Currently a no-op pass-through. The pre-migration implementation called the local ONNX Prompt-Guard model synchronously. With the firewall now LLM-backed via the BackendRouter, the per-call sync interface no longer fits — calls into the router are async. Wiring async into the sync Validator trait (or splitting the trait) is deferred to a follow-up; the firewall itself remains the primary safety gate.

custom_llm

Coming soon. Evaluate text against a custom LLM prompt for domain-specific policies.

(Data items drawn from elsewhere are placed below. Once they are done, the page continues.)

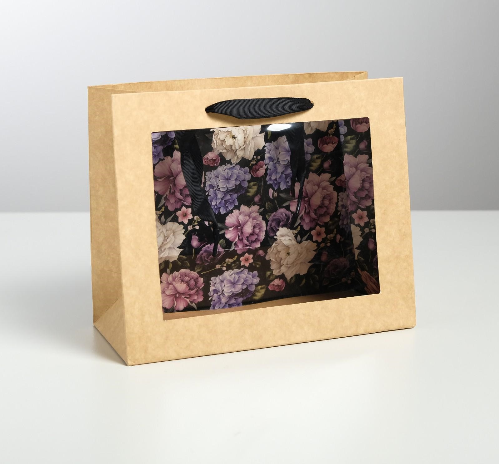 4766891 Пакет крафтовый с пластиковым окном «Flowers», 24 х 20 х 11см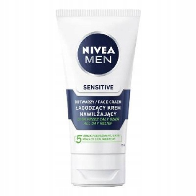 NIVEA Men Sensitive Krem łagodzący do twarzy dla mężczyzn przeznaczony jest do pielęgnacji skóry wrażliwej. Jego delikatna formuła z wyciągiem z lukrecji i rumianku zapewnia skuteczne nawilżanie skóry i ochronę przez cały dzień. Krem został stworzony specjalnie z myślą o potrzebach skóry wrażliwej i łatwo ulegającej podrażnieniom. Zaawansowana formuła nie zawiera substancji zapachowych, barwników oraz alkoholu, dzięki czemu zapobiega podrażnieniom skóry. Krem dodatkowo posiada system filtrów UVA i UVB, które chronią przed niekorzystnym wpływem czynników zewnętrznych i działaniem promieni słonecznych. Wypróbuj również pozostałe kosmetyki przeznaczone do pielęgnacji i golenia wrażliwej skóry twarzy z linii NIVEA Men Sensitive.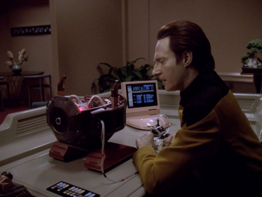 As you may figure, Lore is why we can’t have nice things. In this episode he is able to share emotions with his brother through a radio signal. The only issue is that he only shares anger. Data so enthralled with the idea of emotion goes with it, acting extremely out of character and rebelling in a very teenager fashion (as much as a 40ish year-old android can). The anger and hate fill him up and it takes a lot of work from Geordi and Picard to get through it all and activate his programing that lets him have morality.
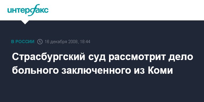 Как сообщили "Интерфаксу" в Коми правозащитной комиссии "Мемориал", куда поступило соответствующее письмо из Страсбурга о принятии такого решения, суд будет выяснять, соответствуют ли условия содержания осужденного требованиям статьи 3 Европейской конвенции о защите прав человека, которая запрещает пытки и другие формы унижающего людей наказания.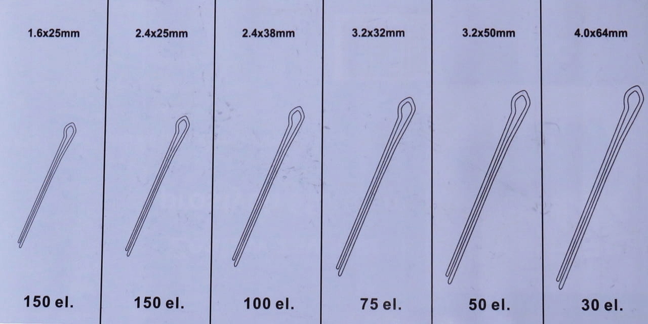 В комплект входят шплинты различных размеров, что позволяет адаптировать его к различным применениям.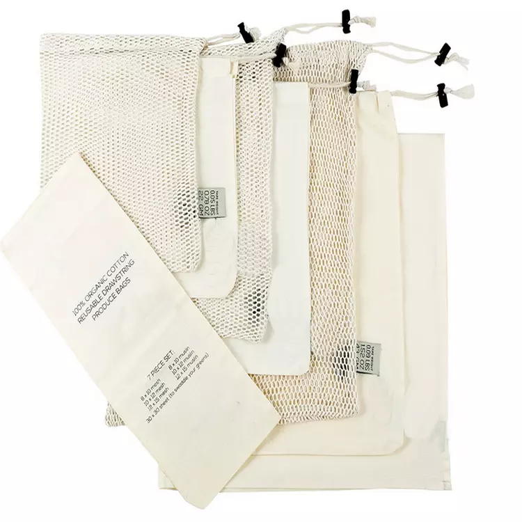 Sacs à cordon de serrage en coton naturel, pochettes cadeaux à cordon imprimé, réutilisable et lavable, tissu en coton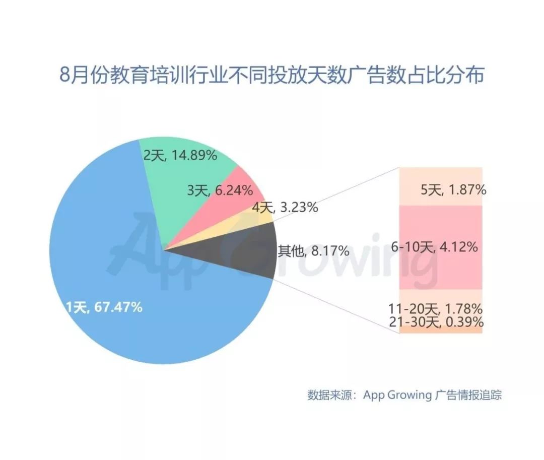 统计8月份教育培训行业单条广告的累计投放天数,其中有67.47%的广告投放天数为1天,投放天数大于5天的广告占比仅6.29%,可见广告素材生命周期较低。

  • Stage: output only (slow validator — requires LLM call)

Evaluation Stages

Rules are assigned to one of three stages:

StageWhen it runsUse case
inputBefore the request is sent to the LLM providerBlock bad prompts, detect PII in user input
outputAfter the LLM responds, before returning to the userValidate response format, detect PII leaks, check toxicity
allBoth input and outputRules that apply to both directions (e.g., keyword blocking)

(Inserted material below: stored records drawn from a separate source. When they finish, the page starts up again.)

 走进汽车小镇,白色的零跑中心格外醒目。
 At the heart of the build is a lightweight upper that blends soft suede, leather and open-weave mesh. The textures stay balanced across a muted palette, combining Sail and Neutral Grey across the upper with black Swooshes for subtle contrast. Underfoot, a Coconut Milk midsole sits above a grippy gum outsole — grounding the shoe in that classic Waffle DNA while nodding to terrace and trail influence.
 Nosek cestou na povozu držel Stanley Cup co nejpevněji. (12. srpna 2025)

Important: Slow rule types (toxicity, json_schema, custom_llm) can only run on the output stage. This constraint is enforced at the database level.

Block vs Flag

  • Block: The request is rejected with a 400 GuardrailBlocked error. The reason is included in the response. For input rules, the request never reaches the LLM. For output rules, the response is discarded.
  • Flag: The violation is logged to ClickHouse (guardrail_events table) and visible in the dashboard, but the request/response proceeds normally. Use this for monitoring before enforcing.

For streaming responses, output guardrails run asynchronously after the stream completes. Since the response is already sent, blocking rules behave as flags — the violation is logged and flagged but cannot be retracted.

Priority

Rules are evaluated in ascending priority order (lower number = runs first). If two rules have the same priority, evaluation order is not guaranteed. Use priority to ensure critical rules (like PII detection) run before less important ones (like keyword blocking).

Guardrail Events

Every rule evaluation that results in a block or flag is logged to ClickHouse. Each event includes:

  • Request ID
  • Organization ID
  • Rule ID and type
  • Evaluation stage (input/output)
  • Action taken (block/flag)
  • Reason for failure
  • Text preview (first 200 characters)

View events in the dashboard under Guardrails > Events.

Managing Rules

Creating a Rule

  1. Go to Guardrails in the dashboard.
  2. Click Create Rule.
  3. Configure:
    • Name — descriptive label for the rule
    • Type — select from the available rule types
    • Stage — input, output, or all
    • Action — block or flag
    • Priority — evaluation order (lower runs first)
    • Config — type-specific JSON configuration
  4. Click Save. The rule is active immediately.

Editing a Rule

Click the rule in the dashboard, modify the fields, and save. Changes take effect after the Redis cache TTL expires (typically within seconds).

Disabling a Rule

Toggle the Active switch to disable a rule without deleting it. Disabled rules are not evaluated.

Deleting a Rule

Only organization owners can delete guardrail rules. This action is permanent.

API Behavior

When a guardrail blocks a request, the gateway returns:

{
"error": {
"message": "Text length 8500 exceeds maximum of 5000 characters",
"type": "guardrail_blocked",
"code": 400
}
}

The message field contains the specific reason from the validator. Your application should handle guardrail_blocked errors and present a user-friendly message.

Guardrails vs Firewall

LLM FirewallGuardrails
PurposeBlock malicious/unsafe promptsEnforce org-specific content policies
ScopeInput onlyInput and/or output
ConfigurationGlobal thresholdPer-rule, per-org
Rule typesLLM-backed safety classifier6 configurable validators
ActionAlways blocksBlock or flag
PlanAll plansPro only

Both systems run independently. A request must pass the firewall first, then guardrails are evaluated.